### WORK ORDER
From the material below, set down exactly the lines that run from the one containing "10月8日,公司2024年度" to the one containing "Контейнеры имеют изящное", minus the pictures.

### DATA PROVIDED
▬▬▬▬▬▬▬▬▬▬

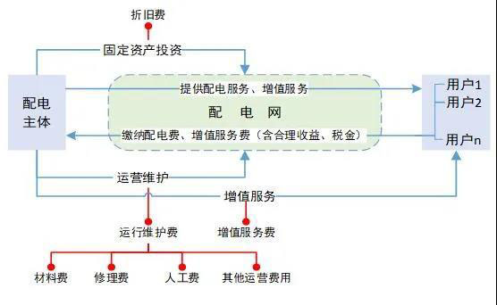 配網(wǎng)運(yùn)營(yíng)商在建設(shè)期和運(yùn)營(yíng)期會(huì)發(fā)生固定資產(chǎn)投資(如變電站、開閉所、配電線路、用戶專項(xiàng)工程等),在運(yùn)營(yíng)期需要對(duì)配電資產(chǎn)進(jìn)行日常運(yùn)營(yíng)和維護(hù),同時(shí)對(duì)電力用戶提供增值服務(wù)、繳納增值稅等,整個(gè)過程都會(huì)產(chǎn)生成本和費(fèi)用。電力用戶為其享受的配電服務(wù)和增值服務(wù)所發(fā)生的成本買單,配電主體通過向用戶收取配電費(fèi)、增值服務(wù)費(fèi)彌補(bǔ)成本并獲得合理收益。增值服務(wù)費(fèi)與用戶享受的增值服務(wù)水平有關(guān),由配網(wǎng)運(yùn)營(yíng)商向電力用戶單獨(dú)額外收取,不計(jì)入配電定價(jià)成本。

▬▬▬▬▬▬▬▬▬▬

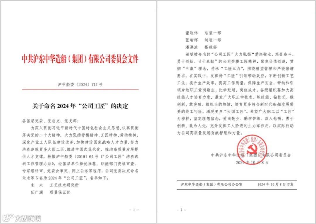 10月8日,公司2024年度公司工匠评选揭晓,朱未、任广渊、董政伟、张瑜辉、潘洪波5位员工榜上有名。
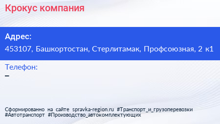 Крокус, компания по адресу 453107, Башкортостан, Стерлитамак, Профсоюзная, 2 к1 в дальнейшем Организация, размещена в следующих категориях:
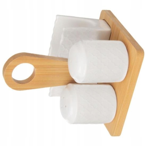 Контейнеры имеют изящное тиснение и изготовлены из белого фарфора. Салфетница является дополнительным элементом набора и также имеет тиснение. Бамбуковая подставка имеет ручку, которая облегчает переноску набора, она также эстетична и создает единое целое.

▬▬▬▬▬▬▬▬▬▬

### RESPONSE TO THE TASK
 10月8日,公司2024年度公司工匠评选揭晓,朱未、任广渊、董政伟、张瑜辉、潘洪波5位员工榜上有名。
 Крокус, компания по адресу 453107, Башкортостан, Стерлитамак, Профсоюзная, 2 к1 в дальнейшем Организация, размещена в следующих категориях:
 Контейнеры имеют изящное тиснение и изготовлены из белого фарфора. Салфетница является дополнительным элементом набора и также имеет тиснение. Бамбуковая подставка имеет ручку, которая облегчает переноску набора, она также эстетична и создает единое целое.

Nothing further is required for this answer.